The lines below that include the word "with" are to be reported.

- _Provided records_
BEGIN

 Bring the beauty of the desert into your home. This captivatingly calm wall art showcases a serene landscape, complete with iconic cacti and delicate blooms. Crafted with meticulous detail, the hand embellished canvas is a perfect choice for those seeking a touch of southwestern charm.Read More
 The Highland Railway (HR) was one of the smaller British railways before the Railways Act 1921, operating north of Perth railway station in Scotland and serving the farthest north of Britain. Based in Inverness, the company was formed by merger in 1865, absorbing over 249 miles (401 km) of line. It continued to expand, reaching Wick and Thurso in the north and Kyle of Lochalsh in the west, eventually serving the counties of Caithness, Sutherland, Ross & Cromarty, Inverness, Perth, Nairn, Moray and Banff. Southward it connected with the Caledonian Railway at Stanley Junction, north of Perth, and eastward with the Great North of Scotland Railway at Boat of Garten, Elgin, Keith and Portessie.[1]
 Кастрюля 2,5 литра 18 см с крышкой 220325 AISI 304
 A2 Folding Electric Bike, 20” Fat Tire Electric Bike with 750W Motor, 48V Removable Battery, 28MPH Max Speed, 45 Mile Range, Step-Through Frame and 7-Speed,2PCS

END
BEGIN

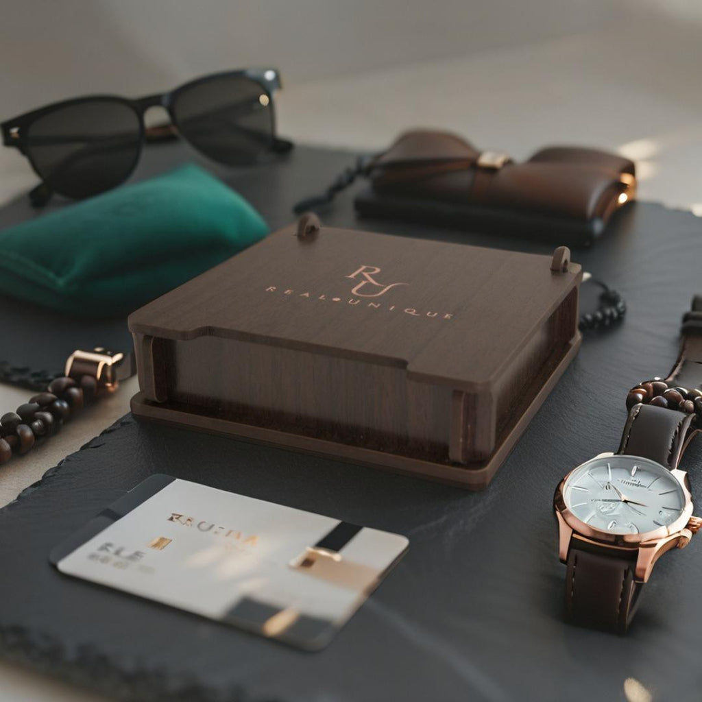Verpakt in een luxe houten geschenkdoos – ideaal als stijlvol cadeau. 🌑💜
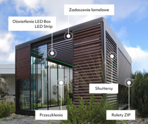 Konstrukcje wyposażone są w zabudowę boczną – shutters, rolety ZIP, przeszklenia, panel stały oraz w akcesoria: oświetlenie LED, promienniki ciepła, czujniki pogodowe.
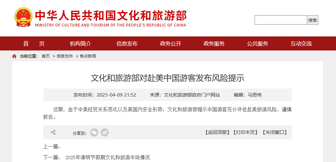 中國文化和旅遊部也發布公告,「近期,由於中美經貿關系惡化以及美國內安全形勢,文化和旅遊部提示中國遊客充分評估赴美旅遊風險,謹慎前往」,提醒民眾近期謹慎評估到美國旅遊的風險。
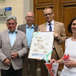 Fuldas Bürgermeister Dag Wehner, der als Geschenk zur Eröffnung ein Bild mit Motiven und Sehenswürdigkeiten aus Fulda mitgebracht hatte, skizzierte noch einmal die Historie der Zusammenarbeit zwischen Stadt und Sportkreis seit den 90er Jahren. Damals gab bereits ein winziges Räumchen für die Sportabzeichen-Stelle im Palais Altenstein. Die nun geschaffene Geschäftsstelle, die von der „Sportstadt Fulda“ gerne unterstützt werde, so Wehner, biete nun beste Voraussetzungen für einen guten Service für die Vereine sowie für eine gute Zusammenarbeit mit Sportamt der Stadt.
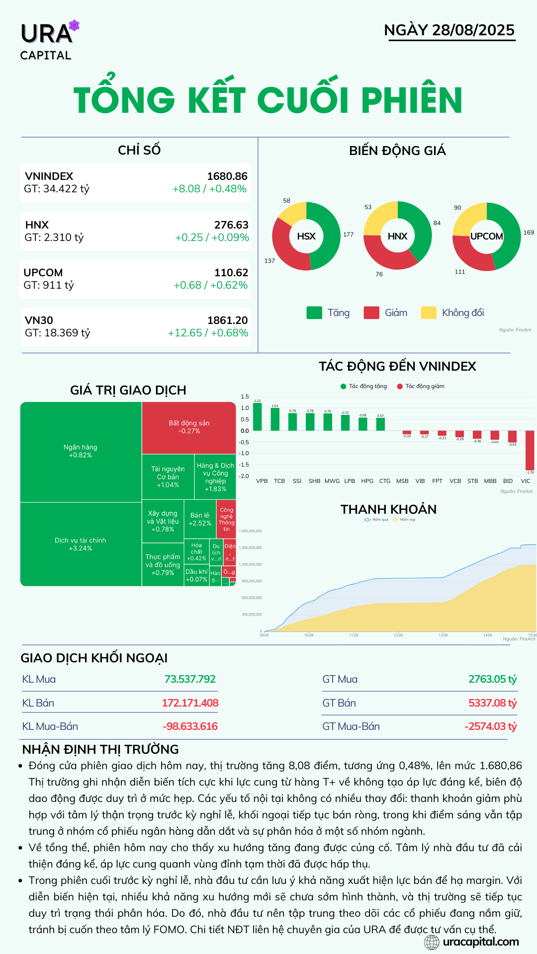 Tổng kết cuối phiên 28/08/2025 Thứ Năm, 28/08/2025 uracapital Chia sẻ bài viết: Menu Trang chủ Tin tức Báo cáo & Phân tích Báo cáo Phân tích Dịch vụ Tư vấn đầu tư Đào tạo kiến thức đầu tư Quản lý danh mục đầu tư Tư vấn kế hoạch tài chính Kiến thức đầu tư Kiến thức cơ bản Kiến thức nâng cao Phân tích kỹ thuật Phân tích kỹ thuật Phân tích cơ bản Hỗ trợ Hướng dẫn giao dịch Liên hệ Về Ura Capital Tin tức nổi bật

END

- _Task answer_
 Bring the beauty of the desert into your home. This captivatingly calm wall art showcases a serene landscape, complete with iconic cacti and delicate blooms. Crafted with meticulous detail, the hand embellished canvas is a perfect choice for those seeking a touch of southwestern charm.Read More
 The Highland Railway (HR) was one of the smaller British railways before the Railways Act 1921, operating north of Perth railway station in Scotland and serving the farthest north of Britain. Based in Inverness, the company was formed by merger in 1865, absorbing over 249 miles (401 km) of line. It continued to expand, reaching Wick and Thurso in the north and Kyle of Lochalsh in the west, eventually serving the counties of Caithness, Sutherland, Ross & Cromarty, Inverness, Perth, Nairn, Moray and Banff. Southward it connected with the Caledonian Railway at Stanley Junction, north of Perth, and eastward with the Great North of Scotland Railway at Boat of Garten, Elgin, Keith and Portessie.[1]
 A2 Folding Electric Bike, 20” Fat Tire Electric Bike with 750W Motor, 48V Removable Battery, 28MPH Max Speed, 45 Mile Range, Step-Through Frame and 7-Speed,2PCS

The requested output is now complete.